(WHAT IS NEEDED)
Repeat exactly what runs from the line with "စိတ်ဝင်တစား ဖတ်ရှုလေ့လာခဲ့ကြောင်း သိရသည်။" through the last line of the material, and keep the pictures out of it.
____ DATASET EXTRACT
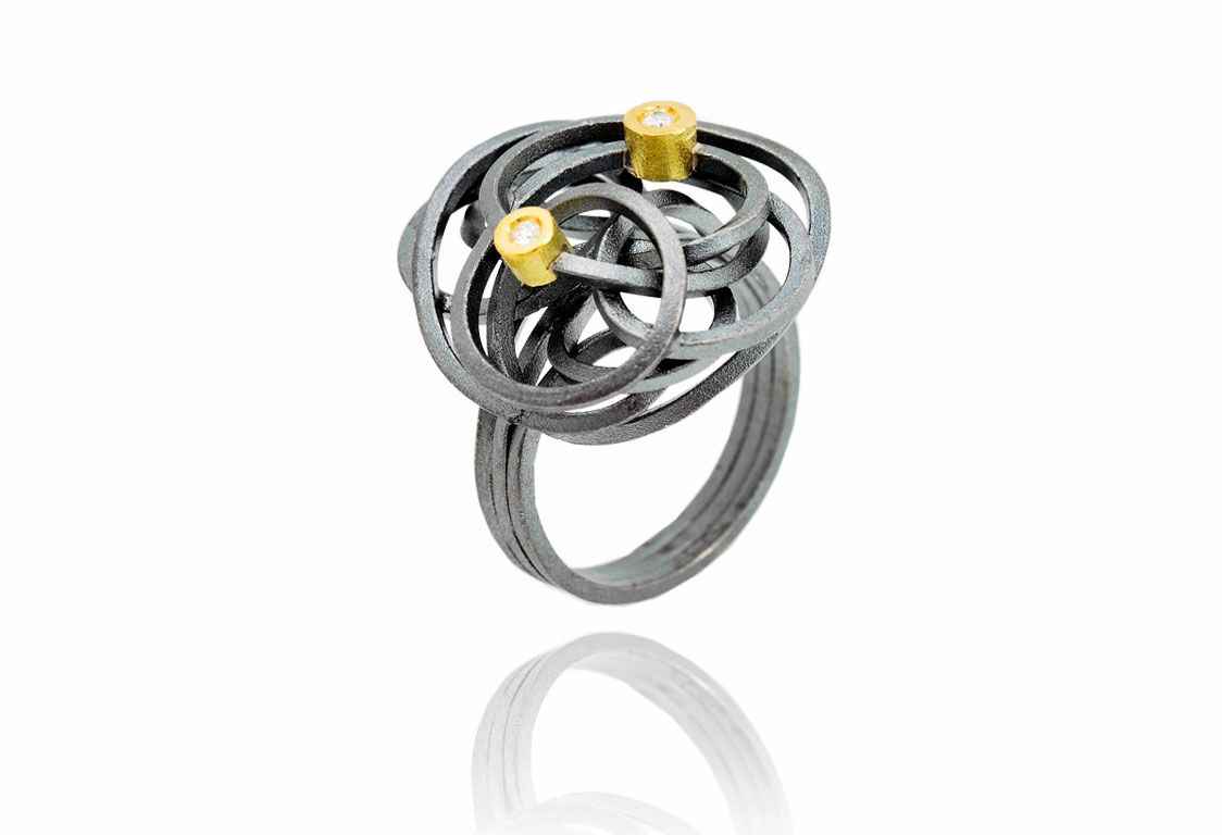 Anillo Plata Y Oro Arior Caos Con 2 Diamantes 3680726XU
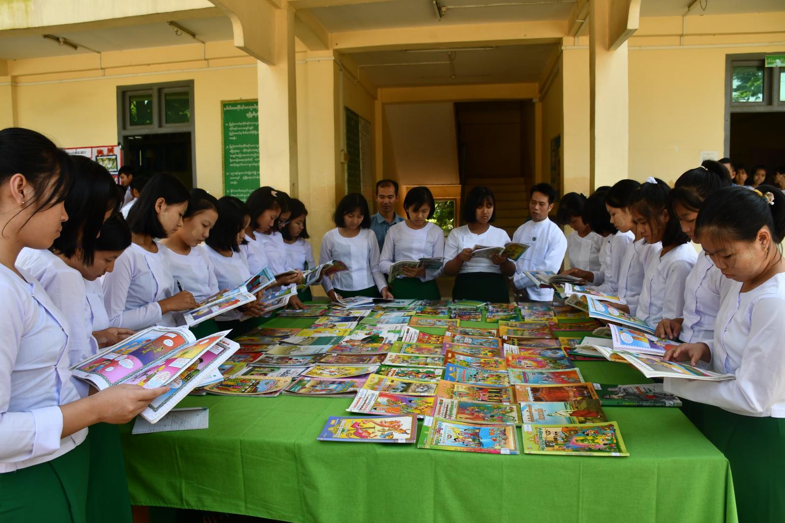ယင်းနောက် ခရိုင်ပြန်ကြားရေးနှင့်ပြည်သူ့ဆက်ဆံရေးဦးစီးဌာနမှ ဝန်ထမ်းများက ခင်းကျင်းပြသထားသည့် "လူကုန်ကူးခြင်းဆိုင်ရာ" အသိပညာပေးနံရံကပ်စာစောင်၊ "ကလေးသူငယ် အလုပ်သမားပပျောက်ရေး"ဆိုင်ရာ အသိပညာပေးနံရံကပ်စာစောင်၊ "ရှောင်လေဝေးဝေးမူးယစ်ဆေး" နံရံကပ်စာစောင်နှင့် ကိုဗစ်-၁၉ ရောဂါကာကွယ်ရေးဆိုင်ရာ အသိပညာပေးနံရံကပ်စာစောင်များ၊ အသိပညာဗဟုသုတရရှိစေသည့် သုတ/ရသ စာအုပ်စာစောင်များကို ကျောင်းသား၊ ကျောင်းသူများက စိတ်ဝင်တစား ဖတ်ရှုလေ့လာခဲ့ကြောင်း သိရသည်။
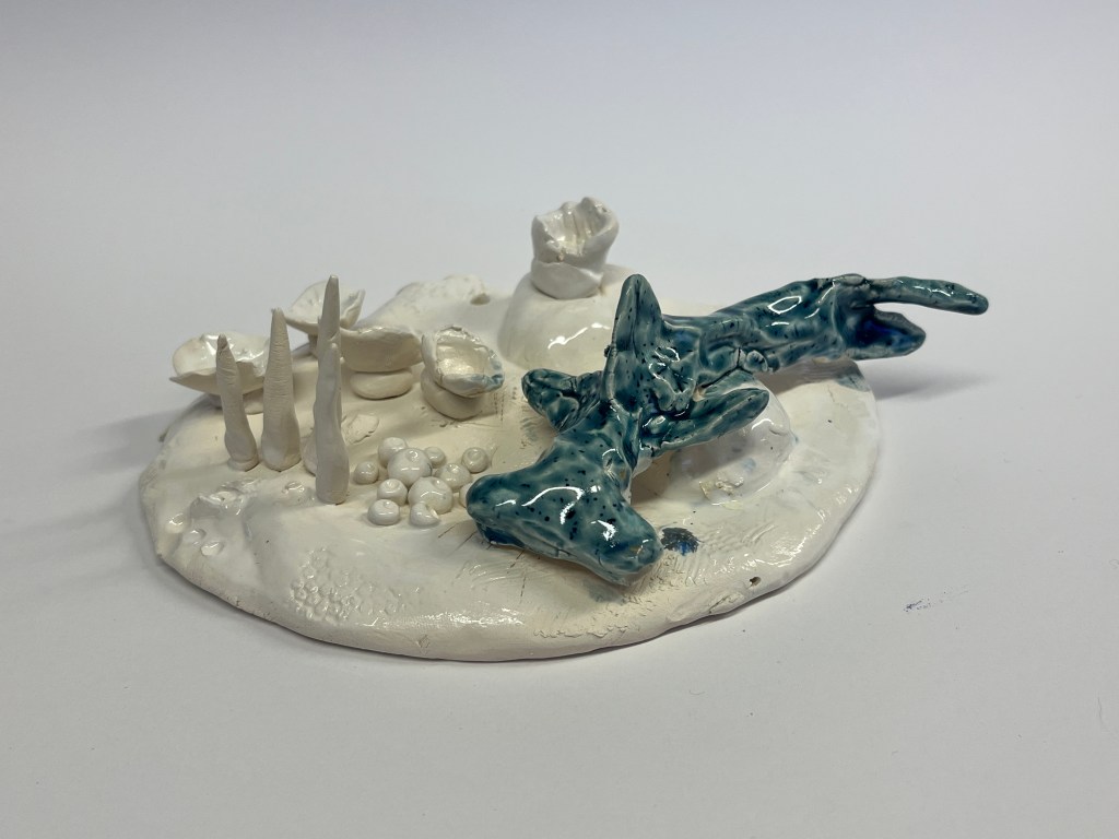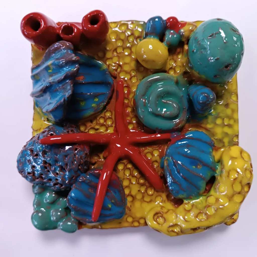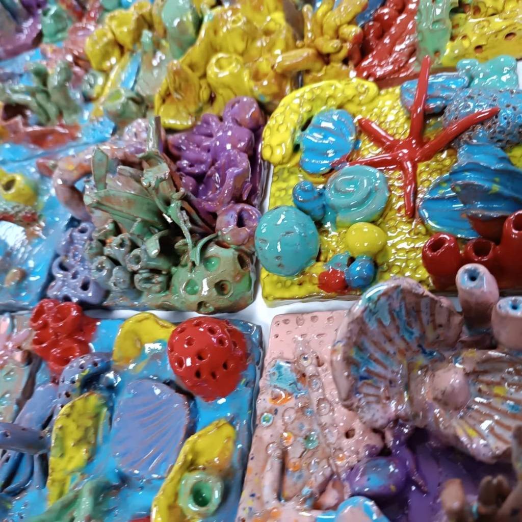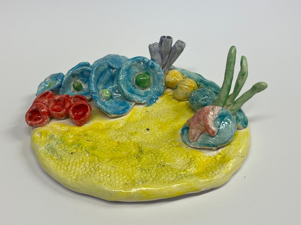 I teach grade 6 for one quarter of the year, so each quarter I see a new class. The first time I did this project, the class decided to create square tiles so they could all slot their tiles together to create a large coral reef. Also, the only clay available at the time was terracotta, which didn’t show off the glaze to its best. The second class decided they wanted to create organic shaped tiles. They also asked if they could make them a bit bigger. Of course you can!
________
(RESULT)
ယင်းနောက် ခရိုင်ပြန်ကြားရေးနှင့်ပြည်သူ့ဆက်ဆံရေးဦးစီးဌာနမှ ဝန်ထမ်းများက ခင်းကျင်းပြသထားသည့် "လူကုန်ကူးခြင်းဆိုင်ရာ" အသိပညာပေးနံရံကပ်စာစောင်၊ "ကလေးသူငယ် အလုပ်သမားပပျောက်ရေး"ဆိုင်ရာ အသိပညာပေးနံရံကပ်စာစောင်၊ "ရှောင်လေဝေးဝေးမူးယစ်ဆေး" နံရံကပ်စာစောင်နှင့် ကိုဗစ်-၁၉ ရောဂါကာကွယ်ရေးဆိုင်ရာ အသိပညာပေးနံရံကပ်စာစောင်များ၊ အသိပညာဗဟုသုတရရှိစေသည့် သုတ/ရသ စာအုပ်စာစောင်များကို ကျောင်းသား၊ ကျောင်းသူများက စိတ်ဝင်တစား ဖတ်ရှုလေ့လာခဲ့ကြောင်း သိရသည်။
 I teach grade 6 for one quarter of the year, so each quarter I see a new class. The first time I did this project, the class decided to create square tiles so they could all slot their tiles together to create a large coral reef. Also, the only clay available at the time was terracotta, which didn’t show off the glaze to its best. The second class decided they wanted to create organic shaped tiles. They also asked if they could make them a bit bigger. Of course you can!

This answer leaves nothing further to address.